Fasting clearly induced an increase in O2- generation. The oxidative burst depends on the activity of NADPH,H+ oxidase, a transmembrane electron transport chain that reduces oxygen to O2- (52). When neutrophils are activated by a stimulant, PMA, the multicomponent system of NADPH,H+ oxidase, is rapidly assembled and activated (21). PMA activates protein kinase C (18), which is involved in the activation of NADPH,H+ oxidase (18). Some authors have reported that fasting is accompanied by a marked increase in protein kinase C activity, resulting in stimulation of NADPH,H+ oxidase activity (53, 54). This last observation may then explain the increase in O2- production we noted during fasting. In addition, O2- dismutation leads to the formation of hydrogen peroxide, which participates in the microbicidal action of neutrophils (18). Some differences in hydrogen peroxide generation between the adult and elderly persons in our study were observed during starvation.

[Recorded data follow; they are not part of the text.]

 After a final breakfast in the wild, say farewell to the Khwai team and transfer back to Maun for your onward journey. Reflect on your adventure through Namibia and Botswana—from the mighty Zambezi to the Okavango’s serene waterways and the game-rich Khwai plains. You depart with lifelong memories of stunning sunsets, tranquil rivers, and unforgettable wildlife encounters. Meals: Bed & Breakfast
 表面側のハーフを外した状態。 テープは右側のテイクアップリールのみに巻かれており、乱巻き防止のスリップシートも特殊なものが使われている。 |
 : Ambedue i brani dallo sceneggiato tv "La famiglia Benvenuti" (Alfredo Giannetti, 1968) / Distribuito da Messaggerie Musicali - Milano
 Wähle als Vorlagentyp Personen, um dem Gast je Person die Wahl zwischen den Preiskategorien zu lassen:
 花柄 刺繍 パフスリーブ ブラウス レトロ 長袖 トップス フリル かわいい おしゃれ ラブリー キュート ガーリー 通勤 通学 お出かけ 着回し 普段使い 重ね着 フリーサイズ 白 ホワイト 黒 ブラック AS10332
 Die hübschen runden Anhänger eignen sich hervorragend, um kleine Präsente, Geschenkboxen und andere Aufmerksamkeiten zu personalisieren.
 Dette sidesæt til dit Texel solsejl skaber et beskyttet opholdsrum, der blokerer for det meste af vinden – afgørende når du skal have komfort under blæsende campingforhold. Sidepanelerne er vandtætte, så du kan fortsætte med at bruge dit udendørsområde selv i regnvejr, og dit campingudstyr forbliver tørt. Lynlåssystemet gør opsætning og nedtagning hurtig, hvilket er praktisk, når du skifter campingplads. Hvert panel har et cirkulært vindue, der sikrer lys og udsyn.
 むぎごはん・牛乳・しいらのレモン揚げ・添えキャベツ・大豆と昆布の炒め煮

As previously described (29, 55, 56), elderly individuals under nutritional stress exhibit metabolic pathway imbalances in neutrophil hydrogen peroxide scavenging enzymes, resulting in a decrease in total cellular myeloperoxidase, catalase, and glutathione peroxidase. The dysregulation of the reactive oxygen species generation pathway during aging may explain the differences in hydrogen peroxide generation noted in this study after starvation. After the refeeding period, O2- production by neutrophils from the adult and elderly subjects decreased and returned to normal values. These last results imply that NADPH,H+ oxidase displays a high sensitivity to nutritional variations. We also showed that elderly persons do not adapt to nutritional repletion, presenting a high rate of hydrogen peroxide production despite a decrease in O2- generation during refeeding.

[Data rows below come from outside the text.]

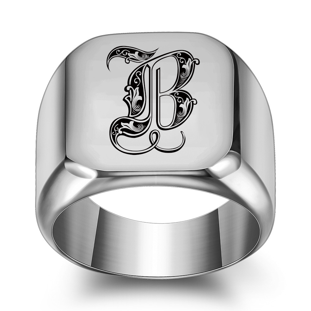 Product information:Type: Ring, ringTreatment Process: PolishingColor: A,B,C,D,E,F,G,H,I,J,K,L,M,N,O,P,Q,R,S,T,U,V,W,X,Y,ZMaterial: titanium steelStyle: Retro
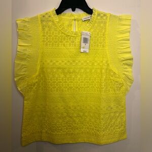 Chic yellow blouse with intricate embroidered design. Features stylish ruffled flutter sleeves and a keyhole opening at the back. NWT. Original price: $80.
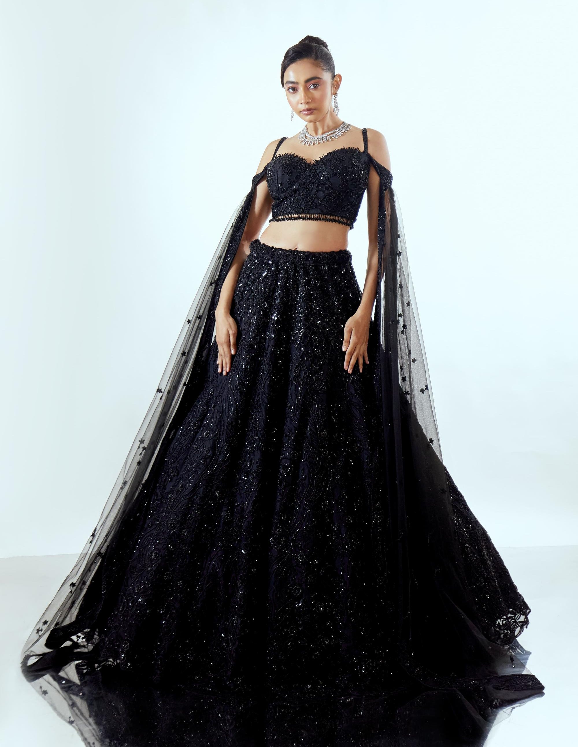The Black Mahira lehenga set is curated for evening wedding celebrations, cocktail nights, and glamorous receptions. Designed for women who appreciate bold elegance, this ensemble pairs a dramatic black organza base with refined embellishment. The silhouette allows movement while maintaining a structured, couture-like presence. Ideal for nighttime festivities, this lehenga set works beautifully under soft lighting, creating a striking yet graceful impact. Style it with minimal jewellery to let the craftsmanship and colour take centre stage.
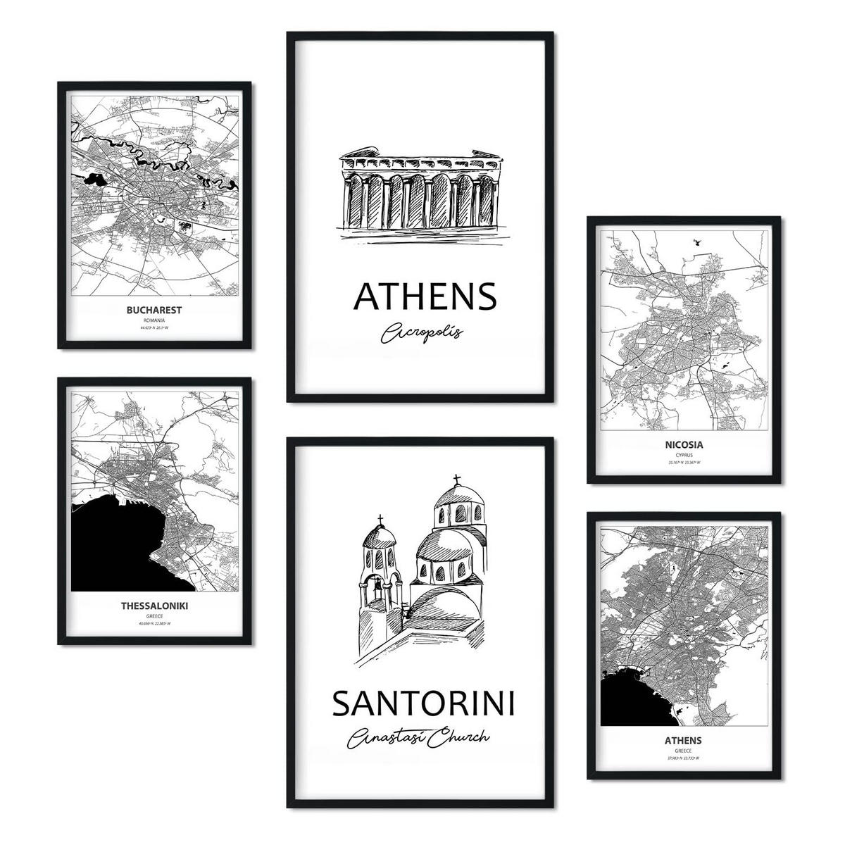 Nacnic POSTER Set Mit 6 Drucke Von Europa Von Karten In Schwarz Weiß A3 & A4 Schwarzer Rahmen
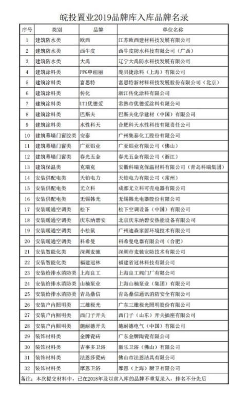 附件:皖投置業(yè)2019品牌庫入庫品牌名錄
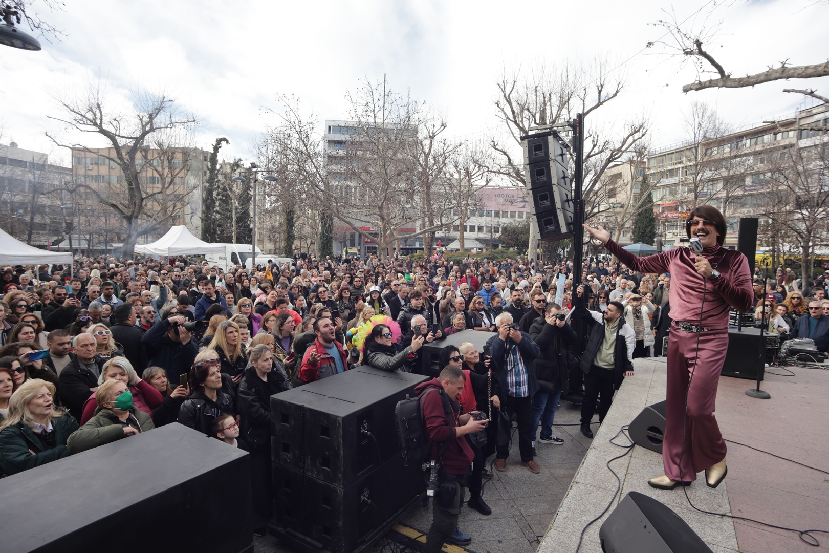 Λαρισαίες και Λαρισαίοι όλων των ηλικιών, με τα μικρά παιδιά και τους νεαρότερους σε ηλικία να έχουν ντυθεί με αποκριάτικες στολές διασκέδασαν, τραγούδησαν και χόρεψαν με την ψυχή τους, με τον Τόνι Σφήνο και την παρέα του να δίνουν τον καλύτερο εαυτό τους.

In conclusion, despite the limited number of subjects in this study, we showed that short-term fasting and refeeding affect several immunologic indexes in elderly persons, in whom aging already favors intrinsic changes in immunity. The mechanisms of the impairment in the ability of lymphocytes and neutrophils to adapt to nutritional manipulations are still a matter of speculation and may involve either an intrinsic defect in the immune cells that exists before the cells are released into the bloodstream or an acquired defect related to environmental components depending on both the aging process and nutritional status. These findings highlight the specific effects of age and nutritional state on immune function and suggest that age is a risk factor for reduced immunity, even in a healthy population. A superimposed infection or inflammation will presumably amplify these alterations. Finally, besides age and pathologic disorders, undernutrition has an adverse effect on immune function. This finding needs to be taken into account in the care of vulnerable elderly hospitalized patients. In this population, protein-energy supply or even specific immunomodulating nutritional agents must be carefully administered to aid the recovery of immune function and limit the consequences of infectious challenge.